United States District Court, S.D. New York
Nov 7, 2005
04 CIV 9695 (HB) (S.D.N.Y. Nov. 7, 2005)

Opinion

04 CIV 9695 (HB).

November 7, 2005


OPINION ORDER


On October 18, 2004, Guy Woodard ("Woodard") filed this petition for a writ of habeas corpus pursuant to 28 U.S.C. § 2255. On May 30, 2001 this Court sentenced Woodard to ninety months imprisonment, followed by three years supervised release, and restitution in the amount of $52,000. Woodard seeks to vacate his sentence based on: (1) ineffective assistance of counsel, (2) actual innocence, and (3) improper calculation of his guidelines sentence. For the following reasons, the petition is DENIED.

This case has been consolidated with a second petition filed by Woodard which was assigned docket # 05-cv-480. The two petitions, which were identical, were received by this Court's Pro Se office on the same day, but were inexplicably assigned two different docket numbers.

I. BACKGROUND

On February 27, 1997, Woodard pled guilty pursuant to a plea agreement to transporting stolen checks in interstate commerce, a violation of 18 U.S.C. § 2314. Prior to sentencing, while on bail, Woodard was charged with wire fraud and money laundering based on his involvement in an unrelated scheme concerning the theft and negotiation of New York State Power Authority checks. On December 19, 1997, Woodard pled guilty to the new charges pursuant to a cooperation agreement ("Cooperation Agreement"). The Cooperation Agreement encompassed both the earlier charge to which Woodard had already plead guilty as well as the new charges. In his allocution, Woodard stated under oath that he was satisfied with the representation provided by his attorney, Jeh Johnson ("Johnson"), that he had discussed the Cooperation Agreement with his lawyer, and that he was not coerced to plead guilty in any way. (Sealed Plea Tr. 12/19/97 at 7, 19.)

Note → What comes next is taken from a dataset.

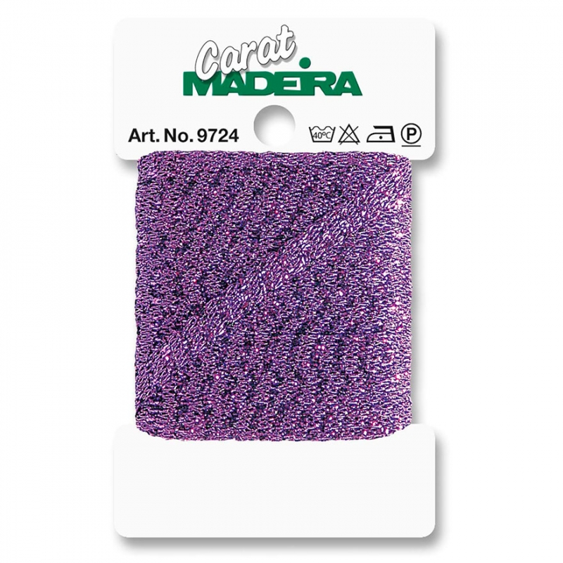 Декоративная металлизированная тесьма Madeira Carat, 5 метров. Предназначена для создания дополнительного декора как при шитье и вышивке, так и в интерьере. Тесьму можно наклеивать, вплетать, использовать при вязании крючком, плести в шнуры или же просто вручную или на машине нашивать на ткань при помощи прозрачной швейной нитки.

On February 7, 1999, Woodard was charged in New Jersey with possessing a fraudulent credit card. Soon after, on February 18, 1999, Woodard pled guilty in Pennsylvania to driving under the influence of alcohol. Each of these offenses violated Woodard's Cooperation Agreement and his bail conditions. This Court issued a bench warrant on March 8, 1999 for Woodard's arrest.

Meanwhile, since Johnson had left private practice, this Court appointed a new attorney, Richard Lind ("Lind"), to represent Woodard. However, Woodard was unhappy with Lind's representation, and this Court relieved Lind and replaced him with Ronald Garnett ("Garnett") on January 4, 2000.

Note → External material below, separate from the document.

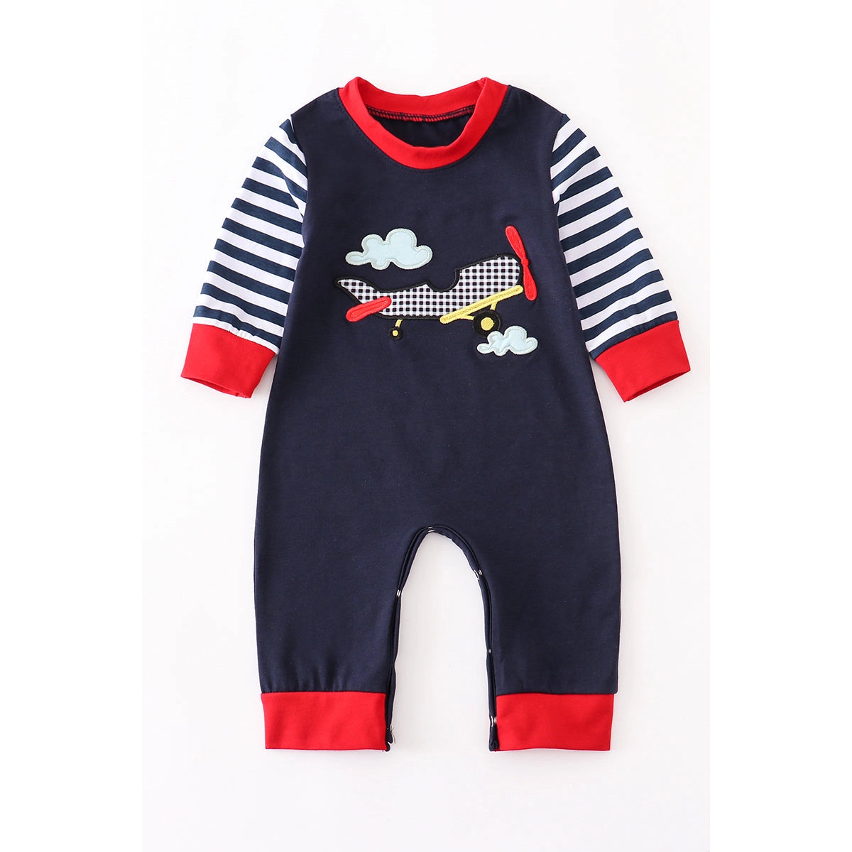 Navy boys romper with white stripe sleeves and red accents. Fly away in this adorable embroidered airplane on the front

At one point during a conference, Woodard exclaimed, "he's at the wrong table, your honor." (Sentencing Tr. 1/4/00 at 7.)

At sentencing, Garnett argued that Woodard did not intend to violate his bail conditions or to obstruct justice, and also that Woodard should be in criminal history Category V (rather than VI) of the sentencing guidelines because two of his prior convictions are really one. (Sentencing Tr. 3/14/00 passim.) In addition, Garnett argued that Woodard was not guilty of money laundering because Woodard's use of fake identities and his transfer of funds to the Cayman Islands were an effort to "obtain" rather than "conceal" funds; and moreover a downward departure was appropriate because Woodard's money laundering scheme was not what Congress intended the money laundering statute to encompass. (Id. at 10-16.)

Although this argument contradicts Woodard's plea to the Cooperation Agreement, Garnett nevertheless made it at Woodard's behest. (Sentencing Tr. 3/14/00 at 10.)

18 U.S.C. 1956(a)(2)(B)(i) reads in relevant part: "Whoever transports . . . monetary . . . funds . . . designed in whole or in part to conceal or disguise the nature, the location, the source, the ownership, or the control of the proceeds of specified unlawful activity [is guilty of money laundering]."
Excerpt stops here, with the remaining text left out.